» Problem description
Please, from the entries below, transcribe exactly the lines that begin at the line with "Het perceel waarop" and end at the line with "The panoramic shaded", without the pictures.

» Source records
*** Block opens ***

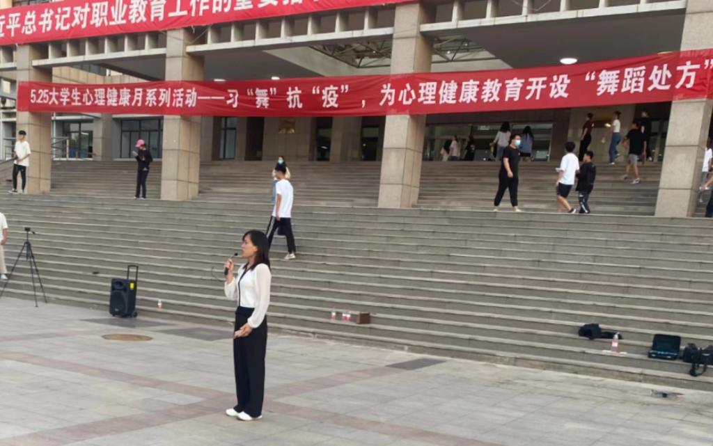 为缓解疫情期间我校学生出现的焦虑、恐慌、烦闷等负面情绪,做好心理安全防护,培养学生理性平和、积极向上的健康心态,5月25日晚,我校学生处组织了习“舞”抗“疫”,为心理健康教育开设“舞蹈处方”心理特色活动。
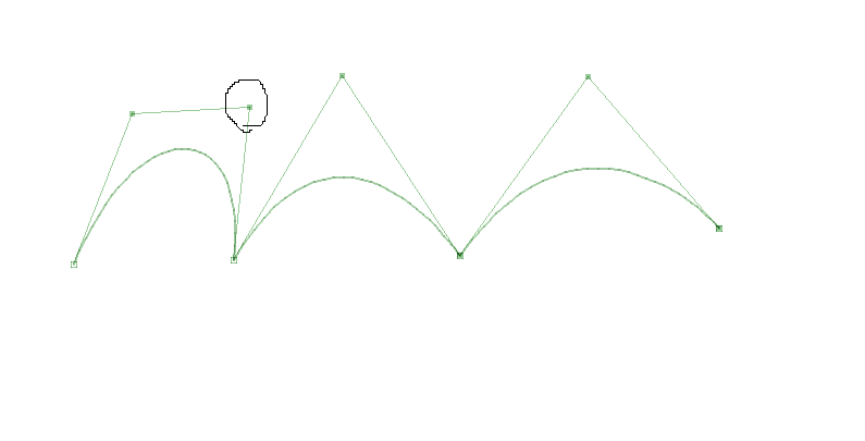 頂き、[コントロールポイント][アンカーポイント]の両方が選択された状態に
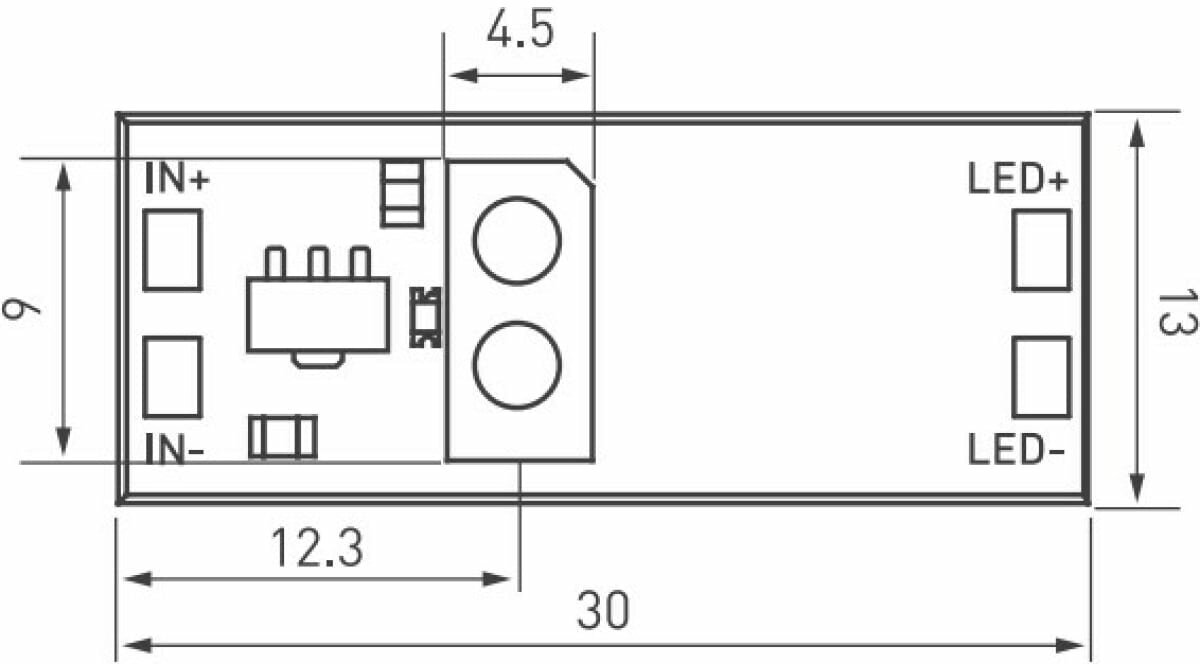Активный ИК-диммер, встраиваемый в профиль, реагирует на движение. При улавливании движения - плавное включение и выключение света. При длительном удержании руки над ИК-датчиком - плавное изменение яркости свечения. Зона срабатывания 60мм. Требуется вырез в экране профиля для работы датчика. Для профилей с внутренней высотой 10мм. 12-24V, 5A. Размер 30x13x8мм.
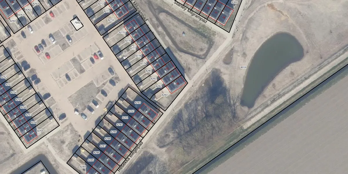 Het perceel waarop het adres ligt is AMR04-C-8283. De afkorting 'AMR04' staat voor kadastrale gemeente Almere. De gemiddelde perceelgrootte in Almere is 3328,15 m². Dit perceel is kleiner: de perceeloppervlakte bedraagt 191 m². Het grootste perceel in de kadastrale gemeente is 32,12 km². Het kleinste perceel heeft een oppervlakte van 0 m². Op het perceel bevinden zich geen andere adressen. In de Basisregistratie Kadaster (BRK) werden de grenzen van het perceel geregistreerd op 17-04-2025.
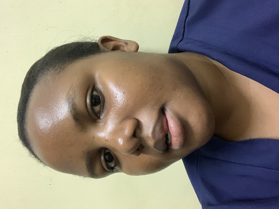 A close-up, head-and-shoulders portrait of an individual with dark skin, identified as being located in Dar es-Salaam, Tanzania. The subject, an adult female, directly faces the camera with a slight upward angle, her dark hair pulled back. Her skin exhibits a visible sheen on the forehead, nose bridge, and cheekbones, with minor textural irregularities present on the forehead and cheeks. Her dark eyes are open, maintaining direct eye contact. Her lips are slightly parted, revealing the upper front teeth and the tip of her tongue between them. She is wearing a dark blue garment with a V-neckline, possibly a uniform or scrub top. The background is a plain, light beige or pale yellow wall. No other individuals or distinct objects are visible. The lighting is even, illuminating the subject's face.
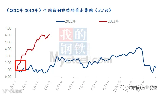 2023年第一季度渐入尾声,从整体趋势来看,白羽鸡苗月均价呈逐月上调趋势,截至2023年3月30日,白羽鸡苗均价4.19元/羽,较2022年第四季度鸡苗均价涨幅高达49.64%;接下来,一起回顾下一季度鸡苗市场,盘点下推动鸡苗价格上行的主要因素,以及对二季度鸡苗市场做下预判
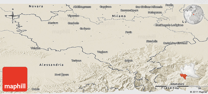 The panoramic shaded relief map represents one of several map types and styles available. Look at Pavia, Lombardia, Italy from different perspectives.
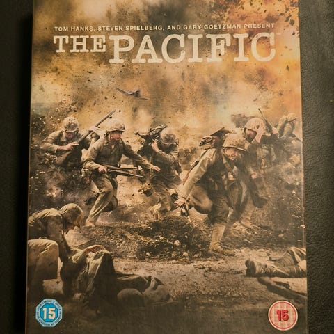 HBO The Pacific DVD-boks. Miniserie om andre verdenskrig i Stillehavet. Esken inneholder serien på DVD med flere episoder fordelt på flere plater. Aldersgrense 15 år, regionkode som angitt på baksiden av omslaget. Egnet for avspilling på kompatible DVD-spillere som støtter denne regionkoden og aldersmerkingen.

*** Block closes ***
*** Block opens ***

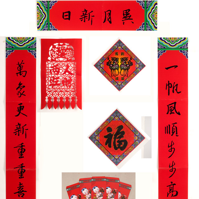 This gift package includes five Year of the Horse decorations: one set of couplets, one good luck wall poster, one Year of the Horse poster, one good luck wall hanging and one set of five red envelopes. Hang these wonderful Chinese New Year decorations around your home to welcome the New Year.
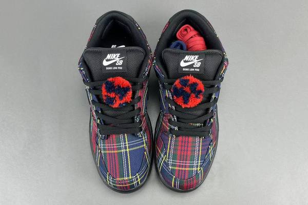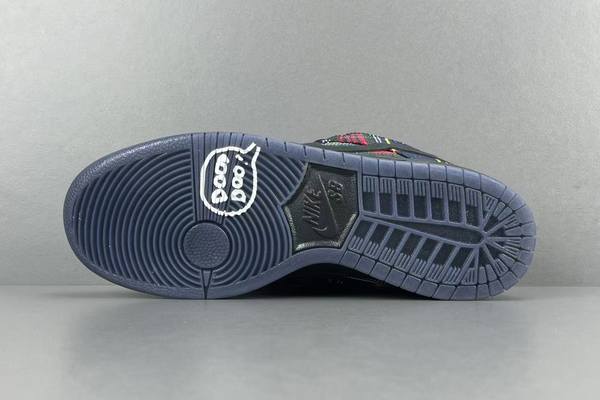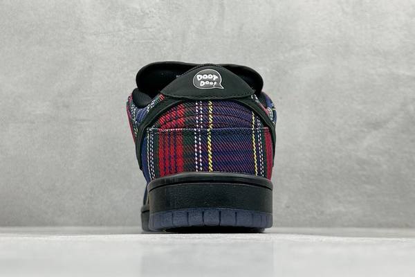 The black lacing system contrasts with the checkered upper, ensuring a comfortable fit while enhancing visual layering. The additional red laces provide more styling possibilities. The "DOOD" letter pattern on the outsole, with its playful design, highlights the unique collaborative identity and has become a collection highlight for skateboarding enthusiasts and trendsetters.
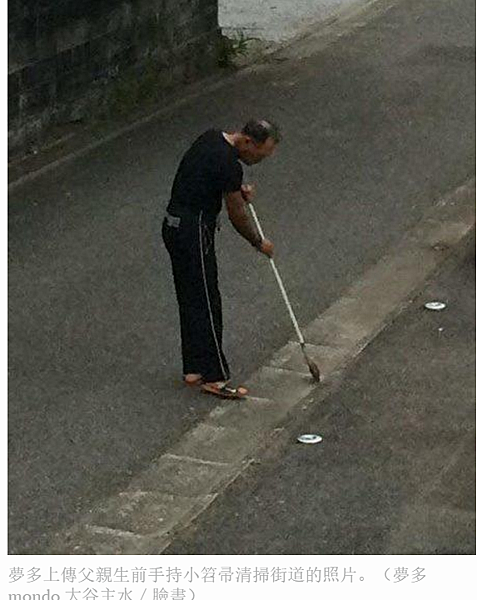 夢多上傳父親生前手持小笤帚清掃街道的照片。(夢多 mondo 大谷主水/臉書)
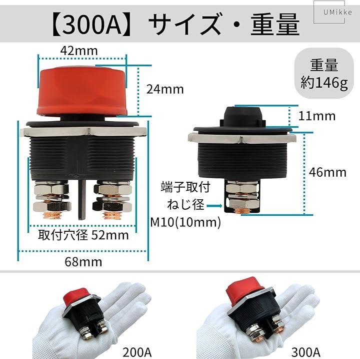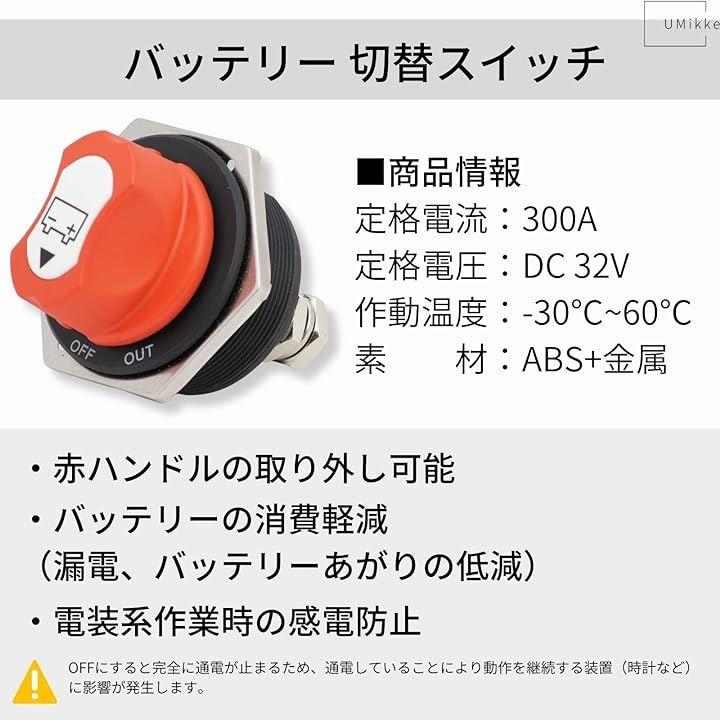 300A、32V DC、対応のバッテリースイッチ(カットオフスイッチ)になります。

*** Block closes ***

» Answer for the task
 Het perceel waarop het adres ligt is AMR04-C-8283. De afkorting 'AMR04' staat voor kadastrale gemeente Almere. De gemiddelde perceelgrootte in Almere is 3328,15 m². Dit perceel is kleiner: de perceeloppervlakte bedraagt 191 m². Het grootste perceel in de kadastrale gemeente is 32,12 km². Het kleinste perceel heeft een oppervlakte van 0 m². Op het perceel bevinden zich geen andere adressen. In de Basisregistratie Kadaster (BRK) werden de grenzen van het perceel geregistreerd op 17-04-2025.
 A close-up, head-and-shoulders portrait of an individual with dark skin, identified as being located in Dar es-Salaam, Tanzania. The subject, an adult female, directly faces the camera with a slight upward angle, her dark hair pulled back. Her skin exhibits a visible sheen on the forehead, nose bridge, and cheekbones, with minor textural irregularities present on the forehead and cheeks. Her dark eyes are open, maintaining direct eye contact. Her lips are slightly parted, revealing the upper front teeth and the tip of her tongue between them. She is wearing a dark blue garment with a V-neckline, possibly a uniform or scrub top. The background is a plain, light beige or pale yellow wall. No other individuals or distinct objects are visible. The lighting is even, illuminating the subject's face.
 2023年第一季度渐入尾声,从整体趋势来看,白羽鸡苗月均价呈逐月上调趋势,截至2023年3月30日,白羽鸡苗均价4.19元/羽,较2022年第四季度鸡苗均价涨幅高达49.64%;接下来,一起回顾下一季度鸡苗市场,盘点下推动鸡苗价格上行的主要因素,以及对二季度鸡苗市场做下预判
 The panoramic shaded relief map represents one of several map types and styles available. Look at Pavia, Lombardia, Italy from different perspectives.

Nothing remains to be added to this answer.